British businessman (born 1965)

Jeremy Simon Hall (born 27 January 1965) is a British businessman and chairman of Who's Who Publications Plc.

==Wyse Leasing==
Hall founded Wyse Leasing in 1989, a computer leasing company. Originally based out of Chesham, Wyse Leasing grew into a £65m turnover company, employing 75 people and based out of eight offices (Chesham, Tunbridge Wells, Northampton, Sheffield, Taunton, Edinburgh, Dublin, Daventry) in the UK and Ireland.

Hall and his business partner, Wayne Fowkes sold Wyse Leasing plc to Integrity Software Inc, a NASDAQ quoted IT company, in 1998. He joined the board of the company, which in June 2000 had a stock market valuation of $150m.
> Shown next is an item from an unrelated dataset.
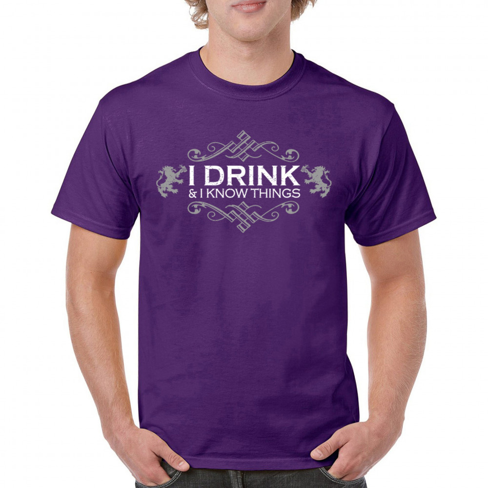 Show off your wit with the “I Drink and I Know Things†design, styled with medieval scrollwork and regal lions. Whether you're holding a pint at the bar, leading trivia night, or binge-watching fantasy series, this bold and funny piece is made for those who love drinking, sarcasm, and clever quotes with timeless flair.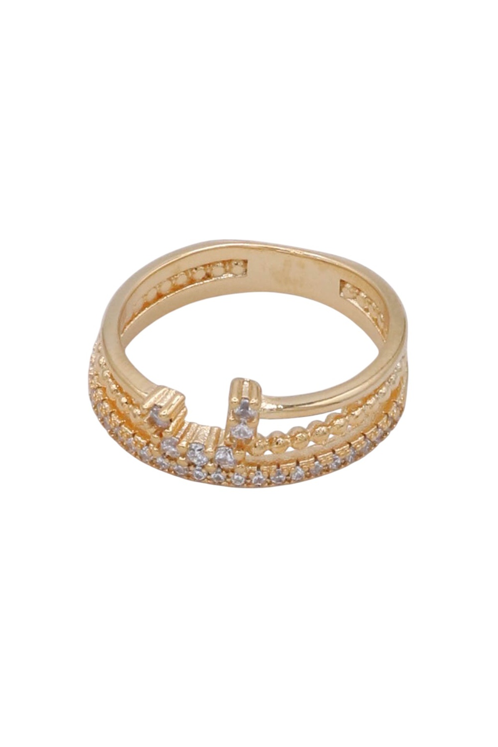 - This elegant brass ring features a layered band design highlighted with shimmering rhinestones and a rich gold dipped finish. Perfect for everyday glamour or special occasions.

He later bought the company back in 2000.

Wyse Leasing (North) Limited was sold to a private investor and the management team in November 2006. The rest of Wyse Leasing was merged into one company in 2007 and later sold to CHG Meridian, a 700m euro German IT leasing company in July 2009.

==Who's Who==
Hall is currently chairman of Who's Who Publications Plc (sometimes mistaken for the book Who's Who published since 1849 by A & C Black), a non-executive director of Manchester-based mergers and acquisitions firm Frazer Hall and CEO of asset finance organisation WestWon Ltd.